Nicolas Chopin and James Ridgway (CREST, Paris) completed and arXived a paper they had “threatened” to publish for a while now, namely why using the Pima Indian R logistic or probit regression benchmark for checking a computational algorithm is not such a great idea! Given that I am definitely guilty of such a sin (in papers not reported in the survey), I was quite eager to read the reasons why! Beyond the debate on the worth of such a benchmark, the paper considers a wider perspective as to how Bayesian computation algorithms should be compared, including the murky waters of CPU time versus designer or programmer time. Which plays against most MCMC sampler.

As a first entry, Nicolas and James point out that the MAP can be derived by standard a Newton-Raphson algorithm when the prior is Gaussian, and even when the prior is Cauchy as it seems most datasets allow for Newton-Raphson convergence. As well as the Hessian. We actually took advantage of this property in our comparison of evidence approximations published in the Festschrift for Jim Berger. Where we also noticed the awesome performances of an importance sampler based on the Gaussian or Laplace approximation. The authors call this proposal their gold standard. Because they also find it hard to beat. They also pursue this approximation to its logical (?) end by proposing an evidence approximation based on the above and Chib’s formula. Two close approximations are provided by INLA for posterior marginals and by a Laplace-EM for a Cauchy prior. Unsurprisingly, the expectation-propagation (EP) approach is also implemented. What EP lacks in theoretical backup, it seems to recover in sheer precision (in the examples analysed in the paper). And unsurprisingly as well the paper includes a randomised quasi-Monte Carlo version of the Gaussian importance sampler. (The authors report that “the improvement brought by RQMC varies strongly across datasets” without elaborating for the reasons behind this variability. They also do not report the CPU time of the IS-QMC, maybe identical to the one for the regular importance sampling.) Maybe more surprising is the absence of a nested sampling version.

In the Markov chain Monte Carlo solutions, Nicolas and James compare Gibbs, Metropolis-Hastings, Hamiltonian Monte Carlo, and NUTS. Plus a tempering SMC, All of which are outperformed by importance sampling for small enough datasets.
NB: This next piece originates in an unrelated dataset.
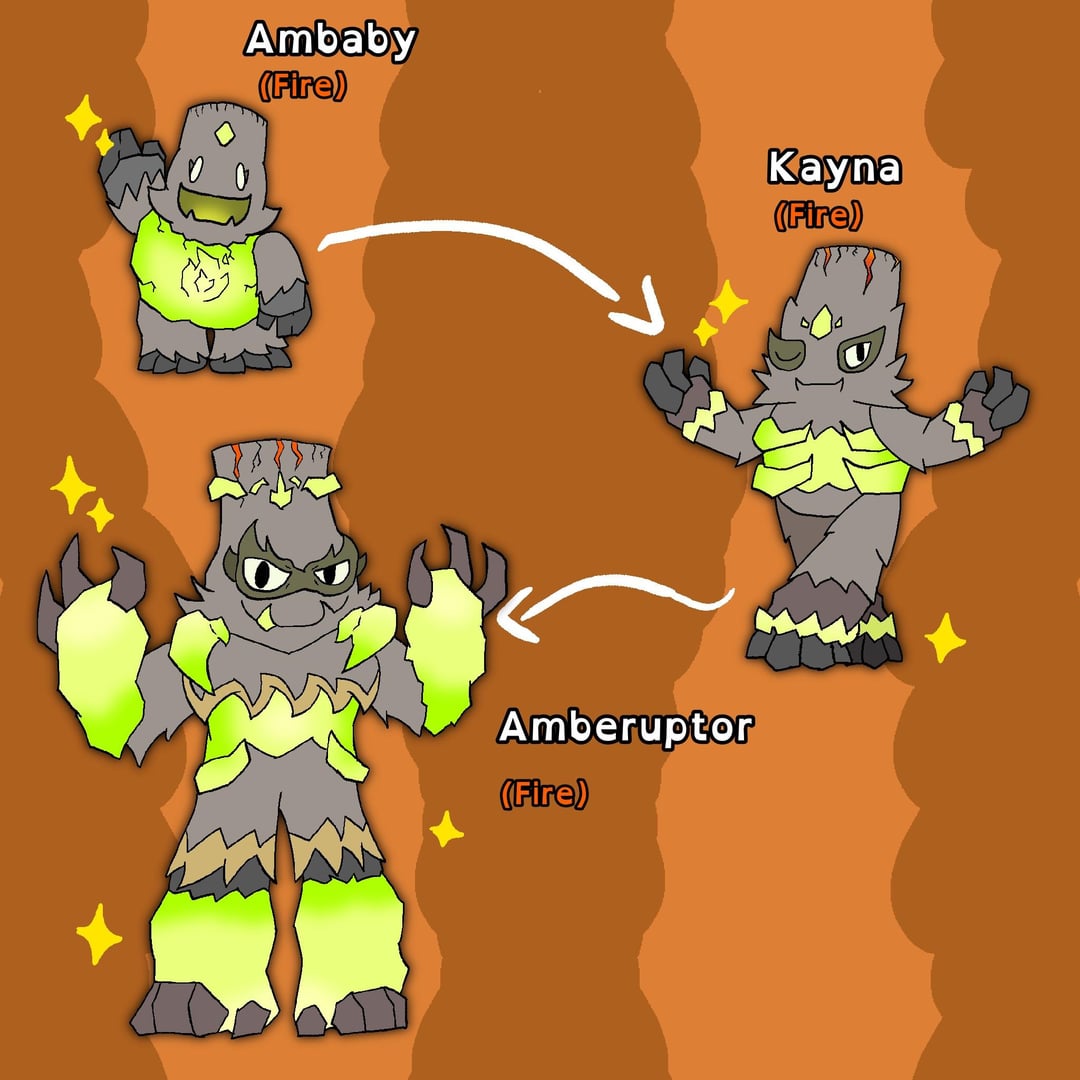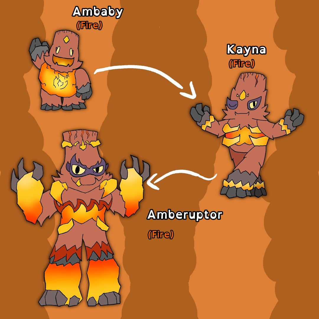 fire type of the “starter” trio. 2nd slide has shiny based on rare kayna and slide 3 has kayna + the other monsters part of the trio

But get back to competing grounds for large enough ones, since importance sampling then fails.

“…let’s all refrain from now on from using datasets and models that are too simple to serve as a reasonable benchmark.” (p.25)

This is a very nice survey on the theme of binary data (more than on the comparison of algorithms in that the authors do not really take into account design and complexity, but resort to MSEs versus CPus). I however do not agree with their overall message to leave the Pima Indians alone. Or at least not for the reason provided therein, namely that faster and more accurate approximations methods are available and cannot be beaten. Benchmarks always have the limitation of “what you get is what you see”, i.e., the output associated with a single dataset that only has that many idiosyncrasies. Plus, the closeness to a perfect normal posterior makes the logistic posterior too regular to pause a real challenge (even though MCMC algorithms are as usual slower than iid sampling). But having faster and more precise resolutions should on the opposite be  cause for cheers, as this provides a reference value, a golden standard, to check against. In a sense, for every Monte Carlo method, there is a much better answer, namely the exact value of the integral or of the optimum! And one is hardly aiming at a more precise inference for the benchmark itself: those Pima Indians [whose actual name is Akimel O’odham] with diabetes involved in the original study are definitely beyond help from statisticians and the model is unlikely to carry out to current populations. When the goal is to compare methods, as in our 2009 paper for Jim Berger’s 60th birthday, what matters is relative speed and relative ease of implementation (besides the obvious convergence to the proper target). In that sense bigger and larger is not always relevant. Unless one tackles really big or really large datasets, for which there is neither benchmark method nor reference value.

ABC model choice via random forests [expanded]

Posted in Statistics, University life with tags , , , , , , , , , , , on October 1, 2014 by xi'an

Today, we arXived a second version of our paper on ABC model choice with random forests. Or maybe [A]BC model choice with random forests. Since the random forest is built on a simulation from the prior predictive and no further approximation is used in the process. Except for the computation of the posterior [predictive] error rate. The update wrt the earlier version is that we ran massive simulations throughout the summer, on existing and new datasets. In particular, we have included a Human dataset extracted from the 1000 Genomes Project. Made of 51,250 SNP loci. While this dataset is not used to test new evolution scenarios, we compared six out-of-Africa scenarios, with a possible admixture for Americans of African ancestry. The scenario selected by a random forest procedure posits a single out-of-Africa colonization event with a secondary split into a European and an East Asian population lineages, and a recent genetic admixture between African and European lineages, for Americans of African origin. The procedure reported a high level of confidence since the estimated posterior error rate is equal to zero. The SNP loci were carefully selected using the following criteria: (i) all individuals have a genotype characterized by a quality score (GQ)>10, (ii) polymorphism is present in at least one of the individuals in order to fit the SNP simulation algorithm of Hudson (2002) used in DIYABC V2 (Cornuet et al., 2014), (iii) the minimum distance between two consecutive SNPs is 1 kb in order to minimize linkage disequilibrium between SNP, and (iv) SNP loci showing significant deviation from Hardy-Weinberg equilibrium at a 1% threshold in at least one of the four populations have been removed.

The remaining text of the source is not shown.